Elle avance que les attestations constituant les pièces n°75, 76, 77 et 82 de l’appelante ne sont pas conformes à l’article 202 du code de procédure civile, ni vraisemblables dans leur contenu, qu’elles seront donc écartées des débats.
Elle fait valoir que l’appelante ne démontre pas qu’elle-même ou ses auteurs ont accepté la succession des époux [J]-[P] ; que le tableau généalogique que cette dernière verse aux débats est très incertain et n’a aucune valeur juridique ; qu’il n’est pas possible de savoir s’il y a un lien de filiation juridiquement établi entre
M. [R] [J] et le couple [J]-[P] ; que, dès lors, faute de justifier de sa qualité d’héritière des époux [J]-[P], Mme [I] [J] veuve [D] est irrecevable pour défaut de qualité à agir.

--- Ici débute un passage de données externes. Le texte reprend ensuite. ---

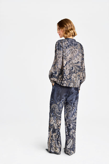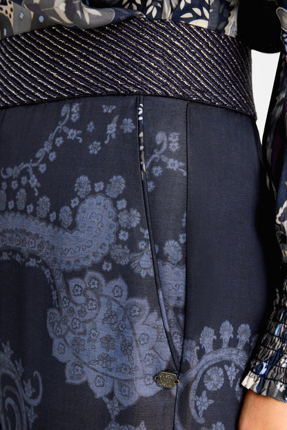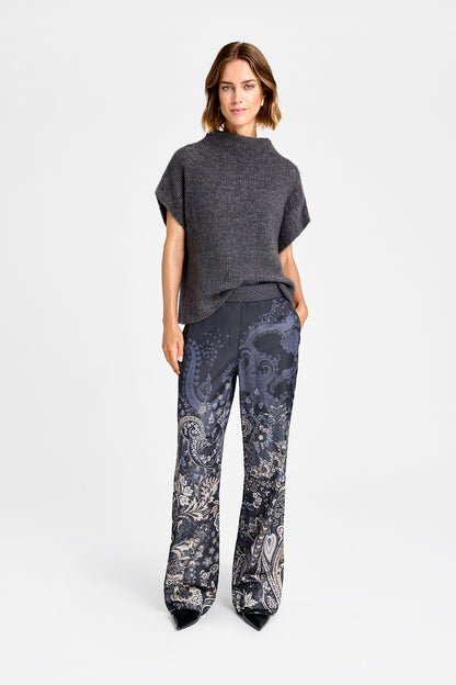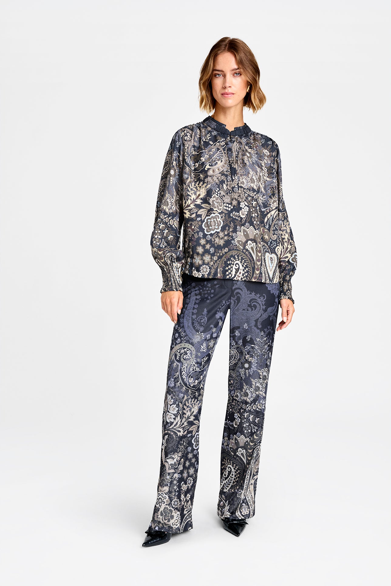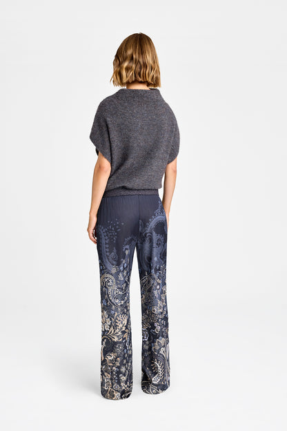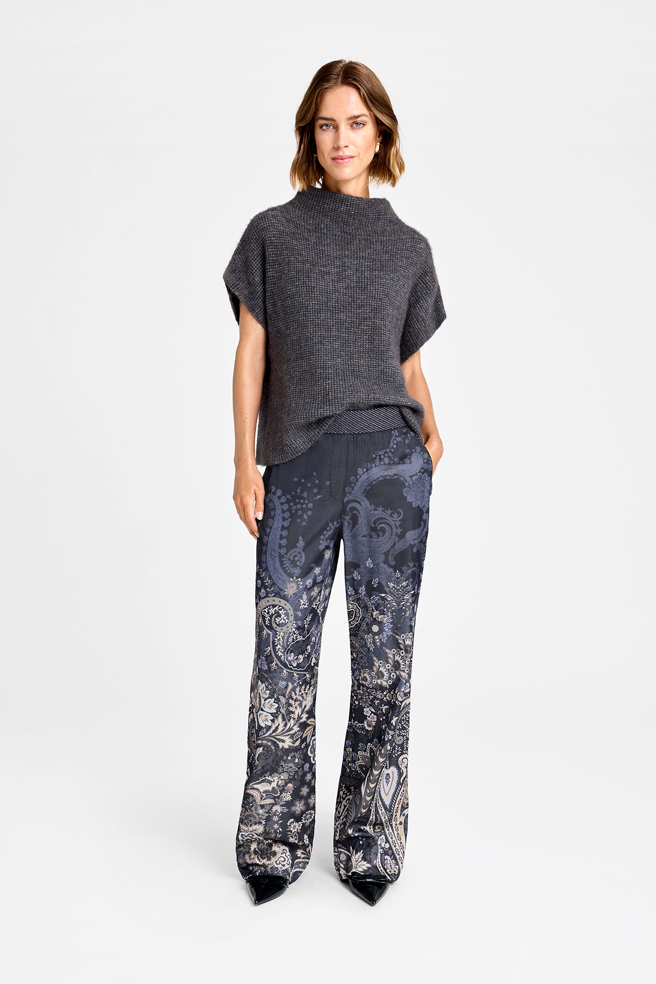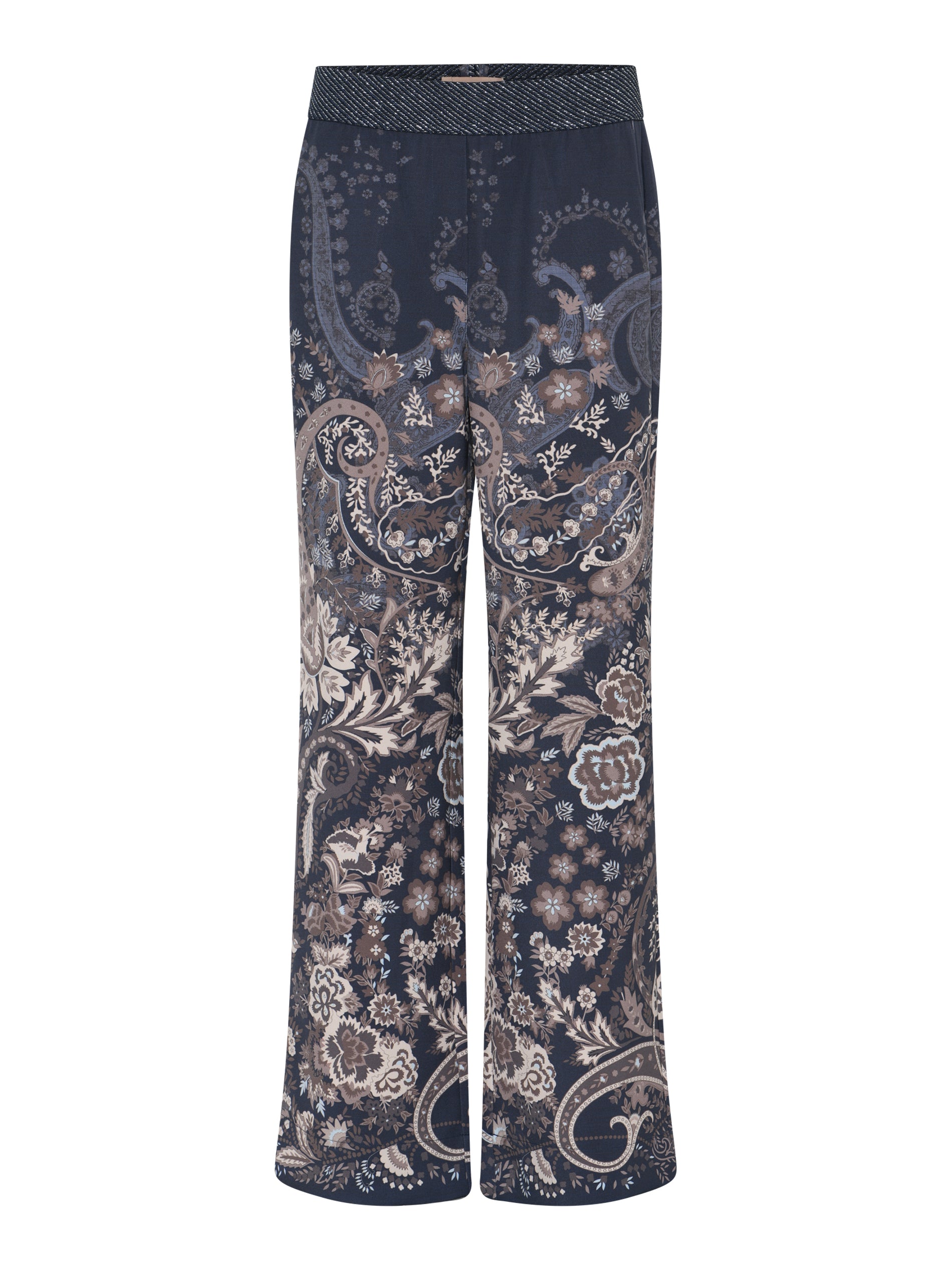 Den gode Bay er en af bestsellerne fra Gustav. Det fine print og den brede elastik i linningen kendetegner buksen og er med til at gøre den så populær. Du kan både gå all in på printet og style med den matchende Sikka bluse eller tone dit outfit mere ned med den fine Coya strik til. Mulighederne er mange og de de grå og blå toner i buksernes print er med til at åbne for flere måder at style på. Bay buksen har brede ben og skrålommer i siderne.

Elle ajoute que l’affirmation non étayée selon laquelle MM. [R] puis [B] [J] étaient domiciliés à [Localité 10] ne suffit pas à prouver l’exercice de l’option successorale avant l’expiration du délai de prescription trentenaire en 1956 ; que ces derniers n’habitaient pas au [Adresse 14], mais au [Adresse 15] ; que l’adresse de M. [R] [J] sur son acte de décès est au [Adresse 16] ; que le dépôt d’une déclaration de succession en 1927 est un simple acte conservatoire sans incidence sur l’acceptation de la succession ; que ce n’est pas Mme [I] [J] veuve [D] qui a été sollicitée par le maire pour entretenir le terrain mais elle ; qu’au décès de son père, cette dernière n’a pas fait figurer le terrain en cause dans la déclaration de succession déposée ; que l’action en liquidation-partage évoquée par l’appelante n’a pas été engagée ; qu’il n’est pas possible de faire renaître une prescription déjà acquise ; qu’en première instance, Mme [I] [J] veuve [D] a avoué qu’il n’y avait pas eu d’option dans les délais légaux, de sorte qu’elle ne peut pas revenir sur cet aveu judiciaire en application des articles 1354 et 1356 du code civil ; que, ne justifiant pas de l’acceptation des successions dans les délais prescrits, cette dernière est irrecevable à agir pour défaut de qualité à agir.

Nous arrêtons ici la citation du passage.